• **REQUIREMENT**
From the first line to the last, return the data exactly, with no pictures.

Stored data
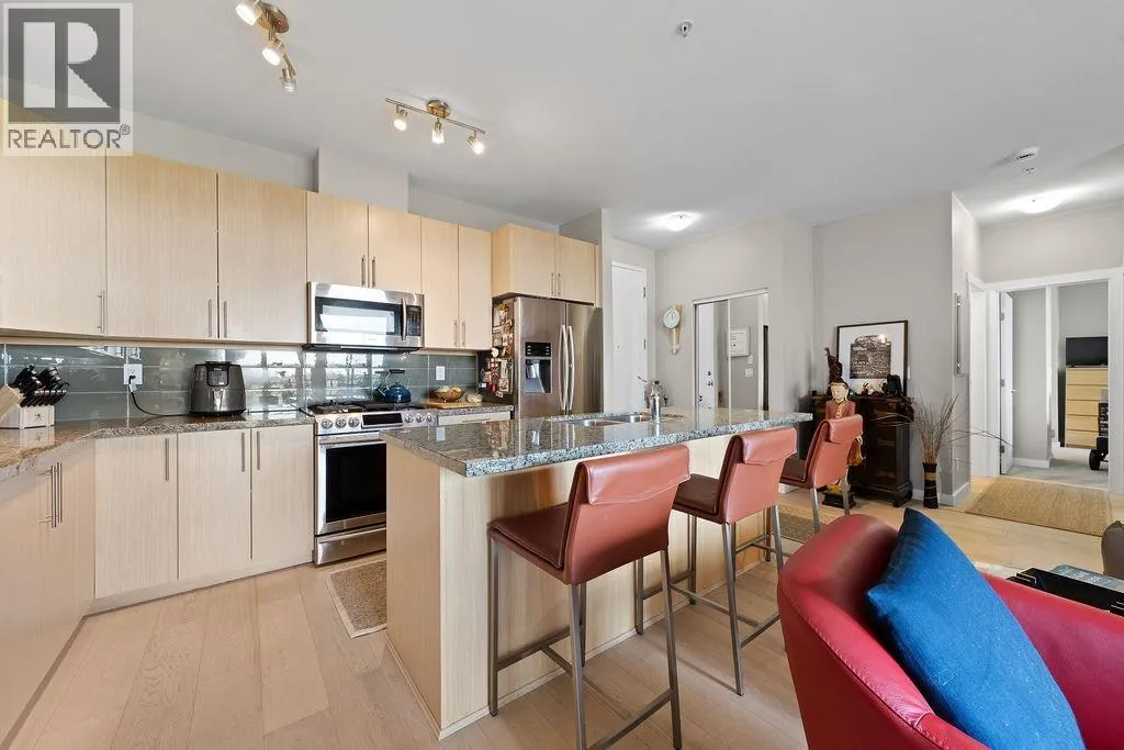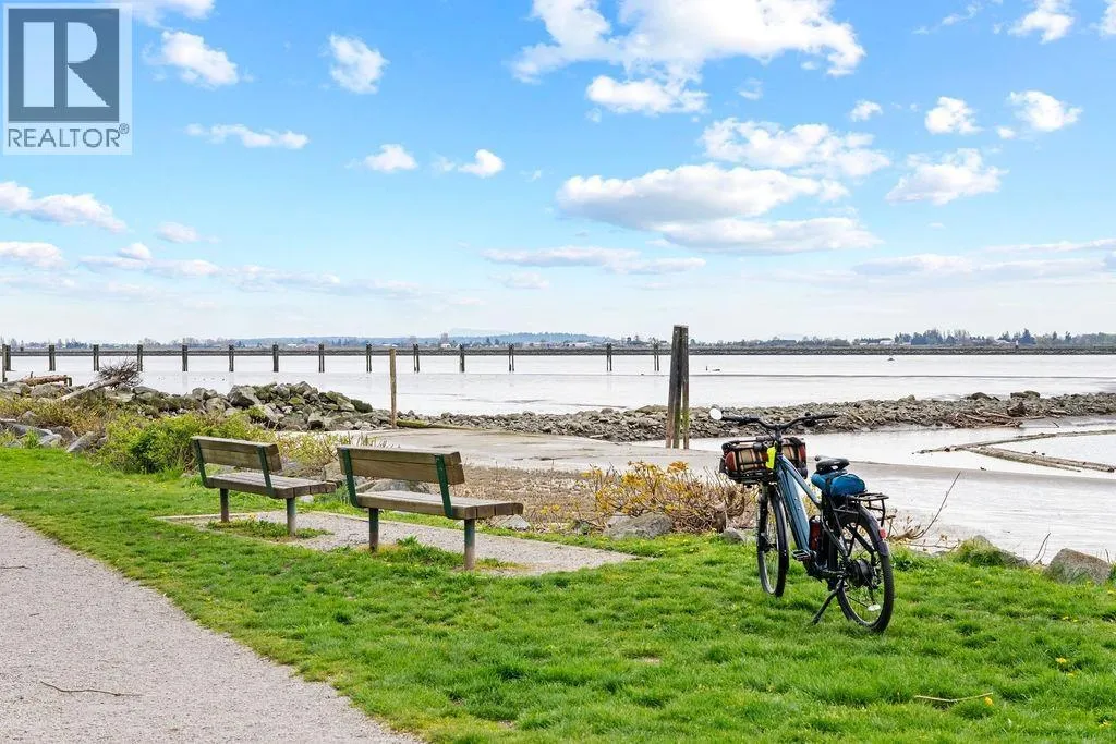 Located in Steveston South´s East Village at London Station, this 2 bedroom, 2 full bathroom condo offers a rare concrete and steel construction in the area. Enjoy a peaceful east-facing outlook over the courtyard and farmland, with two private balconies, including one off the primary bedroom. Features include brand new contemporary hardwood flooring and a gas fireplace. Exceptionally walkable, steps
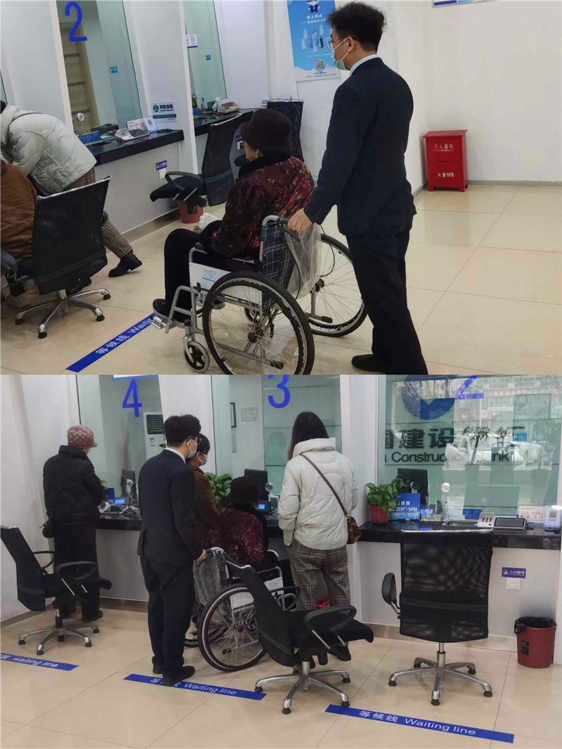 3月27日上午11點左右,項城蓮花大道支行大堂經理張云磊在門口引導客戶時,發(fā)現(xiàn)兩位客戶扶著另一位客戶走進網點。注意到客戶雙腿行走不便,他立即推來輪椅,把客戶扶到輪椅上。三位客戶不熟悉銀行辦業(yè)務流程,大堂經理張云磊全程跟隨指導辦理業(yè)務。經詢問,大堂經理得知客戶前來辦理社??せ顦I(yè)務,以便領取殘疾人補貼。大堂經理立即幫他安排綠色通道,幫助家屬推輪椅到柜臺辦理,在一旁指導客戶填單跟簽名。
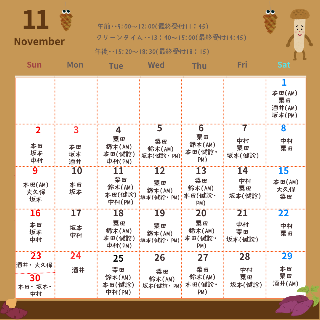 11月外来予定表
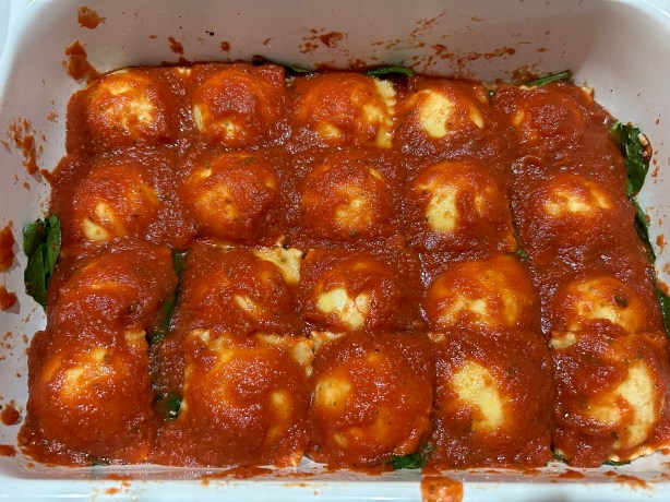 Dunk the raviolis in the sauce, then lay them on top of the spinach, one by one. Then pour the sauce on top of the raviolis. (If you use tortellini, you can mix them right into the sauce, because they’re sturdy.)
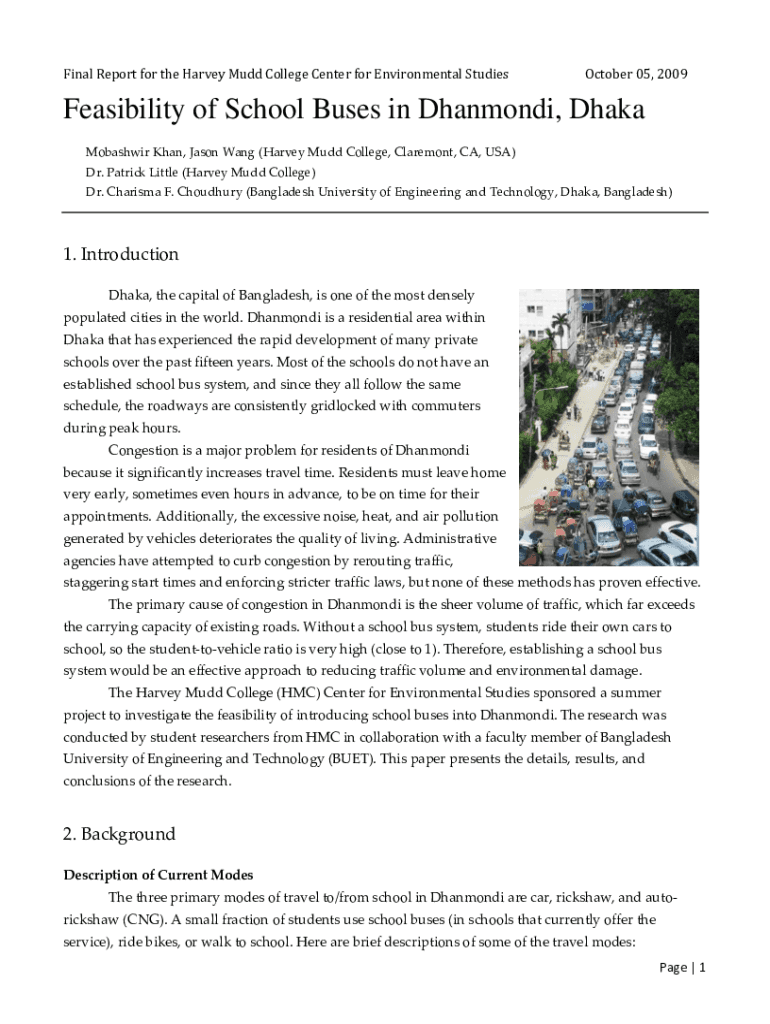 Final Report for the Harvey Mud College Center for Environmental Studies October 05, 2009Feasibility of School Buses in Diamond, Dhaka
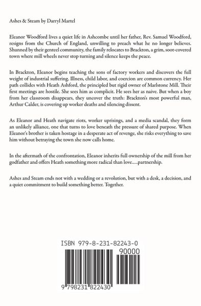 Ashes & Steam by Darryl Martel Eleanor Woodford lives a quiet life in Ashcombe until her father, Rev. Samuel Woodford, resigns from the Church of England, unwilling to preach what he no longer believes. Shunned by their genteel community, the family relocates to Brackton, a grim, soot-covered town where mill wheels never stop turning and silence keeps the peace. In Brackton, Eleanor begins teaching the sons of factory workers and discovers the full weight of industrial suffering. Illness, child labor, and coercion are common currency. Her path collides with Heath Ashford, the principled but rigid owner of Marlstone Mill. Their first meetings are hostile. She sees him as complicit. He sees her as naive. But when a boy from her classroom disappears, they uncover the truth: Brackton's most powerful man, Arthur Calder, is covering up worker deaths and silencing dissent. As Eleanor and Heath navigate riots, worker uprisings, and a media scandal, they form an unlikely alliance, one that turns to love beneath the pressure of shared purpose. When Eleanor's brother is taken hostage in a desperate act of revenge, she risks everything to save him without betraying the town she now calls home. In the aftermath of the confrontation, Eleanor inherits full ownership of the mill from her godfather and offers Heath something more radical than love.....partnership. Ashes and Steam ends not with a wedding or a revolution, but with a desk, a decision, and a quiet commitment to build something better. Together.
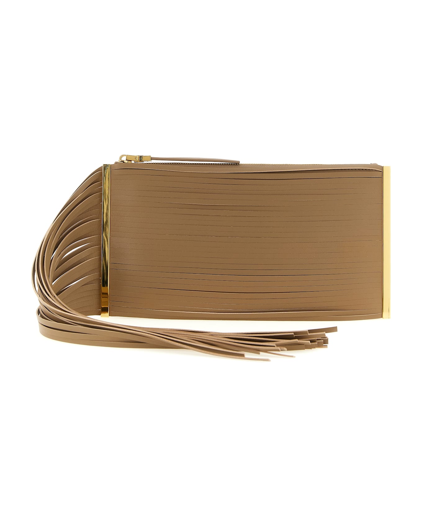 Leather clutch bag, fringes falling on the right side, side metal details, top zip closure, back embossed logo, removable chain shoulder strap.
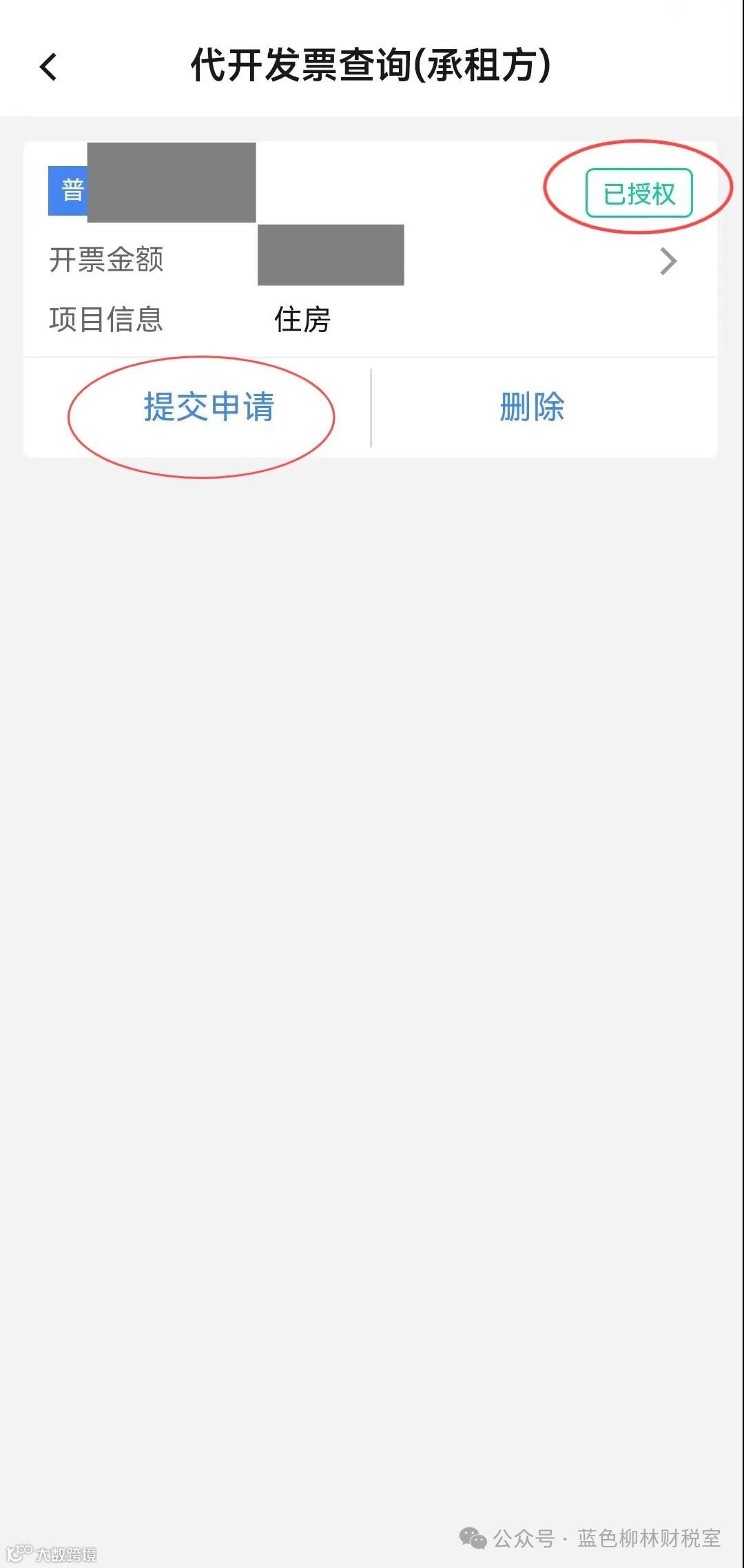 2.找到已提交的代开发票申请信息,右上角的状态变为【已授权】,点击【提交申请】。

• **WRITTEN RESPONSE**
 Located in Steveston South´s East Village at London Station, this 2 bedroom, 2 full bathroom condo offers a rare concrete and steel construction in the area. Enjoy a peaceful east-facing outlook over the courtyard and farmland, with two private balconies, including one off the primary bedroom. Features include brand new contemporary hardwood flooring and a gas fireplace. Exceptionally walkable, steps
 3月27日上午11點左右,項城蓮花大道支行大堂經理張云磊在門口引導客戶時,發(fā)現(xiàn)兩位客戶扶著另一位客戶走進網點。注意到客戶雙腿行走不便,他立即推來輪椅,把客戶扶到輪椅上。三位客戶不熟悉銀行辦業(yè)務流程,大堂經理張云磊全程跟隨指導辦理業(yè)務。經詢問,大堂經理得知客戶前來辦理社??せ顦I(yè)務,以便領取殘疾人補貼。大堂經理立即幫他安排綠色通道,幫助家屬推輪椅到柜臺辦理,在一旁指導客戶填單跟簽名。
 11月外来予定表
 Dunk the raviolis in the sauce, then lay them on top of the spinach, one by one. Then pour the sauce on top of the raviolis. (If you use tortellini, you can mix them right into the sauce, because they’re sturdy.)
 Final Report for the Harvey Mud College Center for Environmental Studies October 05, 2009Feasibility of School Buses in Diamond, Dhaka
 Ashes & Steam by Darryl Martel Eleanor Woodford lives a quiet life in Ashcombe until her father, Rev. Samuel Woodford, resigns from the Church of England, unwilling to preach what he no longer believes. Shunned by their genteel community, the family relocates to Brackton, a grim, soot-covered town where mill wheels never stop turning and silence keeps the peace. In Brackton, Eleanor begins teaching the sons of factory workers and discovers the full weight of industrial suffering. Illness, child labor, and coercion are common currency. Her path collides with Heath Ashford, the principled but rigid owner of Marlstone Mill. Their first meetings are hostile. She sees him as complicit. He sees her as naive. But when a boy from her classroom disappears, they uncover the truth: Brackton's most powerful man, Arthur Calder, is covering up worker deaths and silencing dissent. As Eleanor and Heath navigate riots, worker uprisings, and a media scandal, they form an unlikely alliance, one that turns to love beneath the pressure of shared purpose. When Eleanor's brother is taken hostage in a desperate act of revenge, she risks everything to save him without betraying the town she now calls home. In the aftermath of the confrontation, Eleanor inherits full ownership of the mill from her godfather and offers Heath something more radical than love.....partnership. Ashes and Steam ends not with a wedding or a revolution, but with a desk, a decision, and a quiet commitment to build something better. Together.
 Leather clutch bag, fringes falling on the right side, side metal details, top zip closure, back embossed logo, removable chain shoulder strap.
 2.找到已提交的代开发票申请信息,右上角的状态变为【已授权】,点击【提交申请】。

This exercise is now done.